Of course not. A 200 pound man
squatting 300 pounds for 5 sets of 5 reps is going to do more total volume than
a woman who squats a 1 Rep Max (1RM) of 155 pounds. Everyone’s volume is going
to vary due to genetics, training age, prior injury and a host of other
factors. But, in terms of Relative Volume, women are better. Relative
volume is measured in terms of a percentage of their 1 Rep Max (1RM).
In studies, women have been
found to tolerate heavy load training better than men. And they improve
relative strength better than men using the same routine.
Where a man might struggle to knock out 3 sets of 5
reps at 80% of their 1RM, a woman might be able to hit 6 or 7 reps on 5 sets at
85% of their 1RM plus women recover faster than men needing less rest between
sets.
The Science
Studies give us several
reasons for this female advantage.
Range of Motion
Women generally display a
larger range of motion than men. The better the range of motion the more
stimulus to the working muscle.
Hormones
Men have from 10 to 30 times
more testosterone than women. Testosterone is anabolic meaning testosterone aids in building muscle mass. The
lack of testosterone is why it’s virtually impossible for women to get “bulky”.
But women have many times
more estrogen than men. Estrogen may not be as anabolic as testosterone but
estrogen is anti-catabolic (meaning it
keeps muscle from being destroyed). Estrogen improves muscle recovery, aids
in metabolism and helps strengthen bones, joints and tendons.
Muscle Fiber Type
Men have a higher proportion
of Type I muscle fibers. Type I fibers are responsible for explosive and
powerful movement But the energy of Type I fibers is expended quickly. Women, on
the other hand, have a higher proportion of Type II muscle fibers that are used
for endurance activities. Women, therefore, are capable of doing more reps and
recovering faster than men (meaning shorter rest times between sets).
Pain Tolerance
I’ll keep this short as to
not embarrass my male audience. But any woman who has ever had a male companion
with a cold knows that women have a higher tolerance for pain than men. Women,
therefore, are able to push through the discomfort and get more reps and sets
at a higher % of their 1RM.
In order to get stronger, add muscle and
burn fat you have to:
·
Use a higher
% of your 1 RM (and show up your male counterparts) At least 5% more.
You can physically
test your 1 RM but until you have spent a few months under the bar and attempt
to lift heavier with good (if not perfect) form you can us a 1RM calculator. Look in the Calculators/Resources tab at the top of the page. The calculators aren’t perfect but they are
close enough for this purpose.

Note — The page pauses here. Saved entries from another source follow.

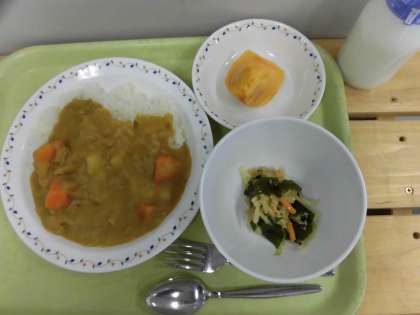 「カレーライス、和風サラダ、柿、牛乳」です。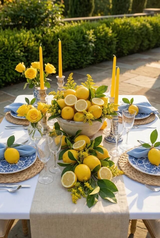 Tall yellow taper candles add height and drama without blocking conversation. This is a classic hosting trick: keep the tallest elements narrow so guests can still see each other across the table. Pair them with simple blue or neutral plates so the lemons remain the star of the show. The result feels bright, relaxed, and suspiciously like a Pinterest win.
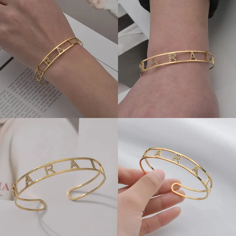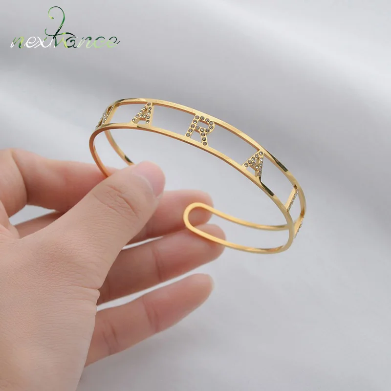 Nextvance Новый Нержавеющая сталь пользовательское имя Регулируемый Циркон золотой браслет персонализированные Стразы ювелирные женские браслеты подарок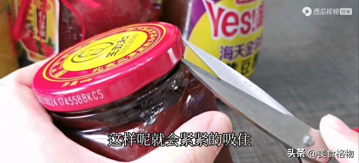 这次我们要用到一个小工具,一把小剪刀,用剪刀尖在瓶子和罐头盖之间找一点点缝隙,从这个缝隙处插入剪刀的尖儿,稍微给它撬一撬,只要这个空气能够进去一点,这个瓶盖就会特别方便可以拧开,这就像是我们平时去拔罐一样,拔罐的时候罐子里面的气比较少,这样就会紧紧的吸住,而在个我们给它放气之后,罐子就会特别轻易的可以直接被拿下,用剪刀轻轻给它放过一点点气之后,在拧罐头瓶的时候就可以非常轻易的拧开。最开始的时候罐头瓶的盖子是凹陷进去的,放完气之后,罐头瓶盖就会鼓出来,这样在拧的时候就会特别方便。

You’ll find they are closer on some lifts than
on others.
·
Push for a
couple more reps than you planned for
·
You can plan
for shorter rest periods between sets
·
Use a full
range of motion on every rep
·
Get out of
your comport zone
·
Progress on
every workout- more weight, more reps, or more sets
You only
improve in any type of training by progressing on every workout. You have to subject
your body to stimuli it is unaccustomed to to get the necessary adaptive response or progress will stop.
·
Recovery
You don’t
get stronger or gain muscle in the gym. Your workout just provides the
stimulus. You get stronger during recovery. Get 7-9 hours of rest every night.
·
Get the right
nutrition
No matter how
hard you work in the gym, you cannot out train
a bad diet
Other Articles of interest:
The Myth of Steady-State Cardio (Must Read!)
Throw Away Your Scales
Ten Mistakes Women Make in the gym
7 Lies About Women, Fitness and Diet
Others can be found by using the search box in the right column-key words "women", "ladies"
Throw Away Your Scales
Ten Mistakes Women Make in the gym
7 Lies About Women, Fitness and Diet
Others can be found by using the search box in the right column-key words "women", "ladies"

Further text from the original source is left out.